Zuhause angekommen war ich eigentlich schon wieder fast trocken. Das ging 'denen' offenbar zu schnell, darum haben sie mich gerade wieder in die Wanne gestellt, und mich wieder komplett nass gemacht. Da er mich dabei quasi ständig mit Leckerli gefüttert hat, habe ich es huldvoll über mich ergehen lassen. Eigentlich wollte ich schon da nichts mehr wirklich wissen. Direkt anschließend bin ich totmüde auf dem Teppich eingeschlafen und hätte - o Schreck - fast mein Abendessen verschlafen!!!

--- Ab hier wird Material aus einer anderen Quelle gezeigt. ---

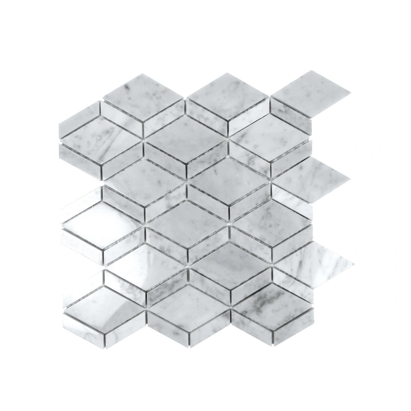 Enhance your space with the unparalleled elegance of Carrara marble in a modern diamond mosaic tile. This sample showcases the intricate veining and sophisticated style ideal for varied interior applications, providing a timeless look that adds character to walls, floors, and backsplashes.
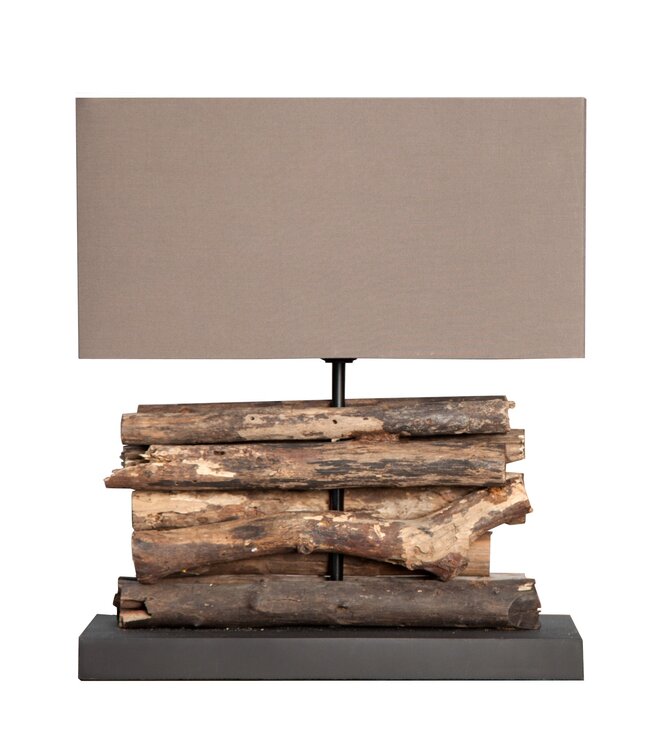 Drijfhoutbruin met een neutrale linnen lampenkap.

Mittwoch, Dezember 07, 2005

Tag 10 - tierischer Besuch

Ein wirklich aufregender Tag. Nach dem 2. Frühstück sind 'die' schon wieder zu diesem brummenden, rumpelnden Ding gegangen, um wegzufahren. Diesmal durfte ich aber woanders in das Ding einsteigen als bisher. Die haben mir hinten am Popo von dem Ding (also ich glaube, dass es der Popo ist, denn da stinkt es am meisten) einen großen Platz zugestanden. Weil das ziemlich hoch oben ist, hat 'sie' mich da rein gehoben. Und da lagen dann auch ganz viele leckere Dinge für mich bereit. Käsestücke! Mehr als ich zählen kann. (Okay, ich kann gar nicht zählen.) Unter mittelmässigem Theater meinerseits - ich habe mich natürlich verpflichtet gefühlt, ihnen, obwohl es mir hier hinten ganz gut gefällt, zumindest eine kleine Vorführung meiner Künste zukommen zu lassen - sind wir dann zu einer mir unbekannten Behausung gefahren. Dort haben 'die' jemanden getroffen, den sie offenbar kannten, und mit dem sie eine Weile reden wollten. Zwischendurch und nebenbei hat aber fast immer jemand mit mir gespielt! Und von den anwesenden Bewohnern wurde ich auch gebührend bewundert und begrüßt. Alles in allem hat es mir ganz gut gefallen. So gut, dass ich auf der Rückfahrt fast meine 'Vorführung' vergessen hätte.
Nach meinem ausgiebigen Mittagsschlaf wurde es nochmal richtig aufregend. Da kam ein richtig großer Hund hier zu uns in die Wohnung. Ich glaube, der war noch größer als Onkel Ecko! Und laut bellen konnte der. Ich war völlig fasziniert. Mit ihm und seinem Frauchen sind wir dann den größten Spaziergang meines Lebens gegangen. Raus in die Felder, eine ganze Runde haben wir gedreht. Und Teddy - so hieß der andere Hund - hat zwischendurch auch mal mit mir gespielt. glücklich Ich fand ihn einfach großartig.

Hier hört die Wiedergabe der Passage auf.